==== Dataset section

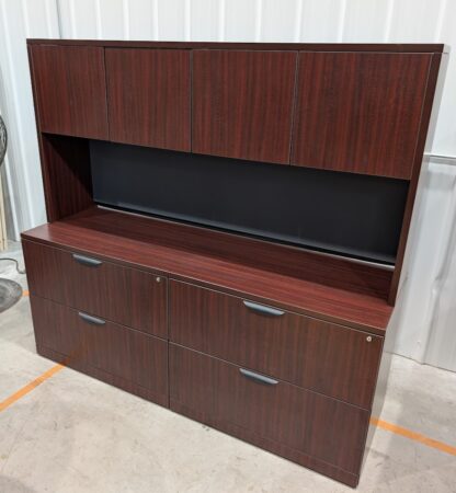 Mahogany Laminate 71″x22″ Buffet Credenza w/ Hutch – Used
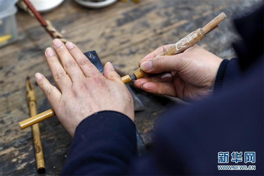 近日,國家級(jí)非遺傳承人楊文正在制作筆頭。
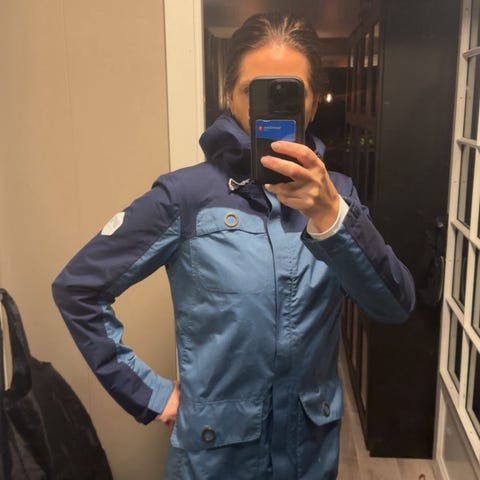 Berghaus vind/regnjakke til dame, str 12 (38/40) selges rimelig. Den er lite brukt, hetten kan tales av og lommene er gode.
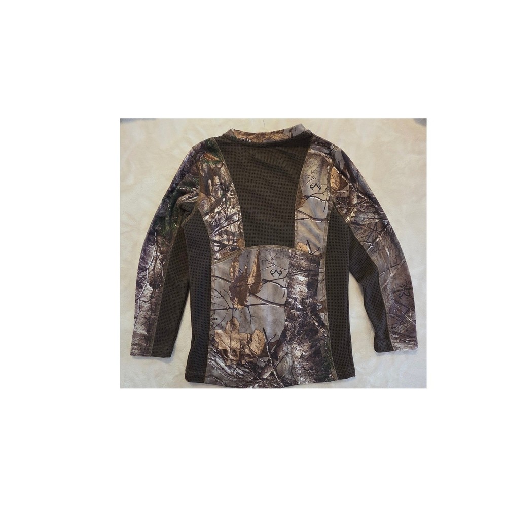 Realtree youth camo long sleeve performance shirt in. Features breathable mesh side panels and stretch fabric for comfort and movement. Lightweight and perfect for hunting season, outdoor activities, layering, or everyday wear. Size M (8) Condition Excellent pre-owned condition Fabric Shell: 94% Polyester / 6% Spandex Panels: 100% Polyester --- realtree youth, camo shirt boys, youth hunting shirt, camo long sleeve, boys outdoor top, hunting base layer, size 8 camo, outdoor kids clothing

========

Required work:
Copy the whole of the material above exactly, and exclude every picture.

Result of the exercise:
 Mahogany Laminate 71″x22″ Buffet Credenza w/ Hutch – Used
 近日,國家級(jí)非遺傳承人楊文正在制作筆頭。
 Berghaus vind/regnjakke til dame, str 12 (38/40) selges rimelig. Den er lite brukt, hetten kan tales av og lommene er gode.
 Realtree youth camo long sleeve performance shirt in. Features breathable mesh side panels and stretch fabric for comfort and movement. Lightweight and perfect for hunting season, outdoor activities, layering, or everyday wear. Size M (8) Condition Excellent pre-owned condition Fabric Shell: 94% Polyester / 6% Spandex Panels: 100% Polyester --- realtree youth, camo shirt boys, youth hunting shirt, camo long sleeve, boys outdoor top, hunting base layer, size 8 camo, outdoor kids clothing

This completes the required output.